Un elettrone emesso da una lastra di rame ha un'energia cinetica di \(2{,}0 \, \mathrm{eV}\). Si desidera determinare l'energia e la frequenza del fotone che ha rilasciato l'elettrone.
Il lavoro di estrazione del rame (Cu) è di \( 5\, \mathrm{eV}\). Questa è l'energia necessaria per rilasciare il primo elettrone:
\[ \Phi = 5 \, \mathrm{eV}\,.\]
Se l'energia cinetica dell'elettrone dopo l'impatto del fotone è di \(2{,}0 \, \mathrm{eV}\), l'energia del fotone deve essere la somma di entrambe:
\[ E_{fotone}= (5 + 2) \, \mathrm{eV} = 7 \, \mathrm{eV} \,.\]

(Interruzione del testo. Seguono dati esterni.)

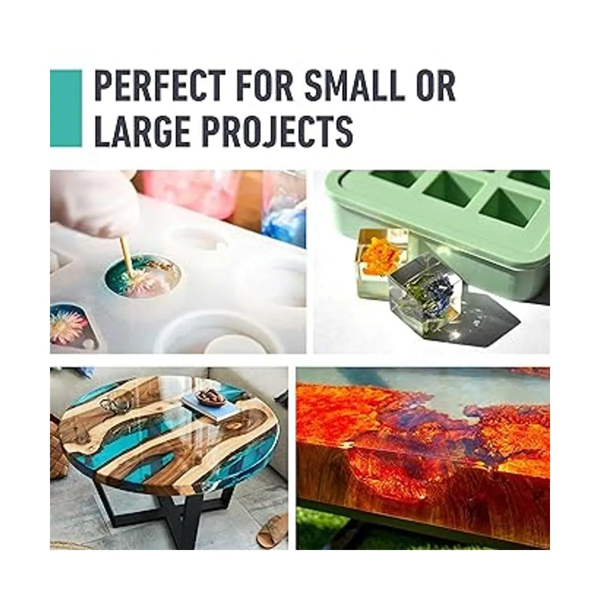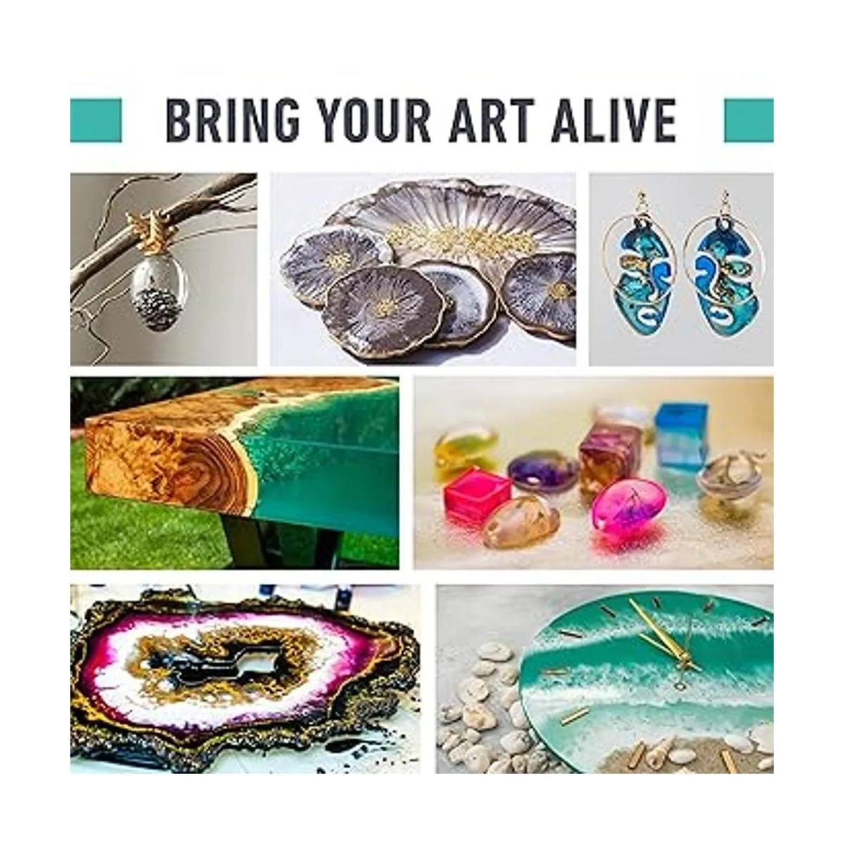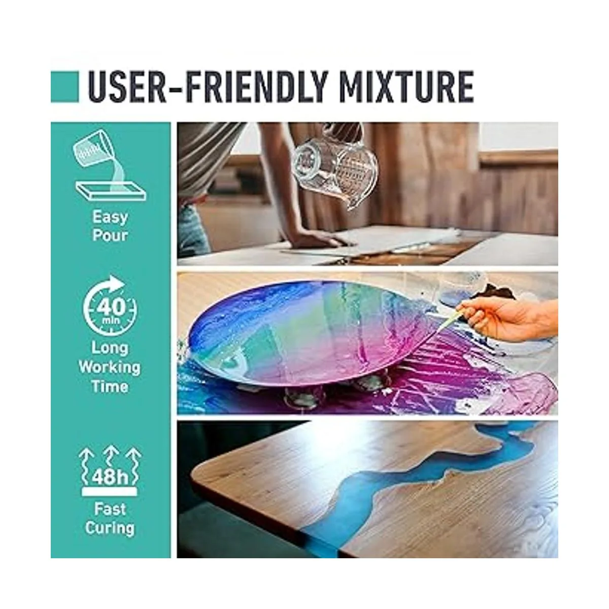 Fácil de usar: mezclar una simple relación 1:1 de la resina y el endurecedor es todo lo que se requiere para empezar. Con 40 minutos de tiempo de trabajo, es perfecto para principiantes, y permite tiempo para mezclar en colores vivos para creaciones llamativas. La fórmula de resina epoxi fácil de verter se nivela y suaviza, se seca rápidamente en 2448 horas y sin burbujas a diferencia de muchas otras resinas en el mercado.

Poiché \(1 \: \mathrm{eV} = 1,6 \times 10^{-19} \, \mathrm{J} \), si ottiene:
\[E_{fotone}= 11,22 \times 10^{-19} \, \mathrm{J}\,. \]
Poiché l'energia del fotone è uguale alla costante di Planck moltiplicata per la frequenza del fotone, possiamo ricavare la fequenza \( \nu\) dalla seguente relazione:
\[ \nu = \frac {E_{fotone}}{h} = \frac{11,22 \times 10^{-19} \, \mathrm{J}}{6,62 \times 10^{-34}\, \mathrm{J} \,\mathrm{ s^{-1}}}= 1,69 \times 10^{15} \, \mathrm{Hz}\,.\]
Per rilasciare un fotoelettrone, è necessario colpire il metallo con fotoni di energia uguale o maggiore del lavoro di estrazione del metallo.
Prima dell'interpretazione di Einstein, si pensava che aumentando l'intensità della radiazione sarebbe aumentata l'energia degli elettroni emessi. Tuttavia, gli esperimenti mostravano che il numero di elettroni emessi variava con l'intensità della radiazione, ma non la loro energia.
La relazione tra l'energia cinetica degli elettroni emessi e la frequenza della radiazione mostra che l'energia dei fotoni è direttamente proporzionale alla loro frequenza.
Fig. 1 - Photoelectric_effect_in_a_solid_-_diagram.svg (https://commons.wikimedia.org/wiki/File:Photoelectric_effect_in_a_solid_-_diagram.svg) by Ponor is licensed by CC BY-SA 4.0 (https://creativecommons.org/licenses/by-sa/4.0/deed.en)
L'effetto fotoelettrico è un fenomeno che descrive l'emissione di elettroni da una piastra metallica quando quest'ultima è colpita da radiazione elettromagnetica.
Nel 1905, Einstein diede a questo fenomeno l'interpretazione corretta, ipotizzando che la luce fosse composta da particelle discrete con quantità fisse di energia, chiamate fotoni.
L'energia di un fotone è uguale alla costante di Planck h moltiplicata per la frequenza della razdiazione ν: E = h ν.